Source code for elasticai.creator.nn.fixed_point.conv1d.testbench

import math
from abc import abstractmethod
from collections import defaultdict
from typing import Protocol

from elasticai.creator.file_generation.savable import Path
from elasticai.creator.file_generation.template import (
    InProjectTemplate,
    module_to_package,
)
from elasticai.creator.nn.fixed_point.number_converter import FXPParams, NumberConverter
from elasticai.creator.vhdl.design.ports import Port
from elasticai.creator.vhdl.simulated_layer import Testbench




[docs]
class Conv1dDesignProtocol(Protocol):
    @property
    @abstractmethod
    def name(self) -> str: ...

    @property
    @abstractmethod
    def input_signal_length(self) -> int: ...

    @property
    @abstractmethod
    def port(self) -> Port: ...

    @property
    @abstractmethod
    def kernel_size(self) -> int: ...

    @property
    @abstractmethod
    def in_channels(self) -> int: ...

    @property
    @abstractmethod
    def out_channels(self) -> int: ...






[docs]
class Conv1dTestbench(Testbench):
    def __init__(self, name: str, uut: Conv1dDesignProtocol, fxp_params: FXPParams):
        self._converter = NumberConverter(fxp_params)
        self._converter_for_batch = NumberConverter(
            FXPParams(8, 0)
        )  # max for 255 lines of inputs
        self._name = name
        self._uut_name = uut.name
        self._input_signal_length = uut.input_signal_length
        self._in_channels = uut.in_channels
        self._out_channels = uut.out_channels
        self._x_address_width = uut.port["x_address"].width
        self._fxp_params = fxp_params
        self._converter = NumberConverter(self._fxp_params)
        self._kernel_size = uut.kernel_size
        self._output_signal_length = math.floor(
            self._input_signal_length - self._kernel_size + 1
        )
        self._y_address_width = uut.port["y_address"].width



[docs]
    def save_to(self, destination: Path):
        template = InProjectTemplate(
            package=module_to_package(self.__module__),
            file_name="testbench.tpl.vhd",
            parameters={
                "testbench_name": self.name,
                "input_signal_length": str(self._input_signal_length),
                "in_channels": str(self._in_channels),
                "out_channels": str(self._out_channels),
                "total_bits": str(self._fxp_params.total_bits),
                "x_address_width": str(self._x_address_width),
                "output_signal_length": str(self._output_signal_length),
                "y_address_width": str(self._y_address_width),
                "uut_name": self._uut_name,
            },
        )
        destination.create_subpath(self.name).as_file(".vhd").write(template)



    @property
    def name(self) -> str:
        return self._name



[docs]
    def prepare_inputs(self, *inputs) -> list[dict]:
        batches = inputs[0]
        prepared_inputs = []
        for batch in batches:
            prepared_inputs.append({})
            for channel_id, channel in enumerate(batch):
                for time_step_id, time_step_val in enumerate(channel):
                    prepared_inputs[-1][f"x_{channel_id}_{time_step_id}"] = (
                        self._converter.rational_to_bits(time_step_val)
                    )

        return prepared_inputs





[docs]
    def parse_reported_content(self, content: list[str]) -> list[list[list[float]]]:
        """
        This function parses the reported content, which is just a list of strings.
        All lines starting with 'output_text:' are considered as a result of the testbench.
        These results will be stacked for each batch.
        So you get a list[list[list[float]]] which is similar to batch[out channels[output neurons[float]]].
        For each item reported it is checked if the string starts with 'result: '.
        If so the remaining part will be split by ','. The first number gives the batch.
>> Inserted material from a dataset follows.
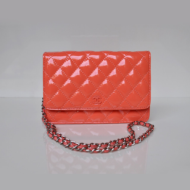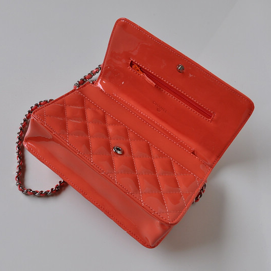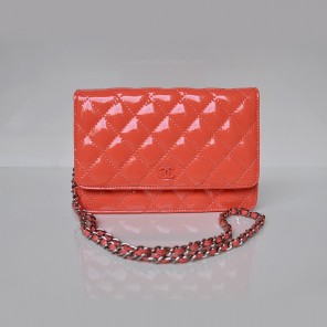 Chanel A33814 Patent Leather Flap Bag Peach in Silver

The second the result.
        The channels are greedy guessed.
        We do so by taking the first X-values, where X is the number of values per channel.
        After we have enough values for the channel, we increase the channel number.
        If you report not enough values per channel, this will look like the last channel has not reported enough values.
        """

        def split_list(a_list):
            print("len(a_list): ", len(a_list))
            print("self._out_channels: ", self._out_channels)
            out_channel_length = len(a_list) // self._out_channels
            new_list = list()
            out_channel_counter = (
                -1
            )  # start with -1 because it will be increased in first iteration of loop
            for i, value in enumerate(a_list):
                if i % out_channel_length == 0:
                    new_list.append(list())
                    out_channel_counter += 1
                new_list[out_channel_counter].append(value)
            return new_list

        results_dict = defaultdict(list)
        print()
        for line in map(str.strip, content):
            if line.startswith("result: "):
                batch_text = line.split(":")[1].split(",")[0][1:]
                output_text = line.split(":")[1].split(",")[1][0:]
                print("output_text: ", output_text)
                batch = int(self._converter_for_batch.bits_to_rational(batch_text))
                if "U" not in line.split(":")[1].split(",")[1][1:]:
                    output = self._converter.bits_to_rational(output_text)
                else:
                    output = output_text
                results_dict[batch].append(output)
            else:
                print(line)
        results = list()
        for x in results_dict.items():
            results.append(split_list(x[1]))
        print("results: ", results)
        if len(results) == 0:
            raise Exception(content)
        return list(results)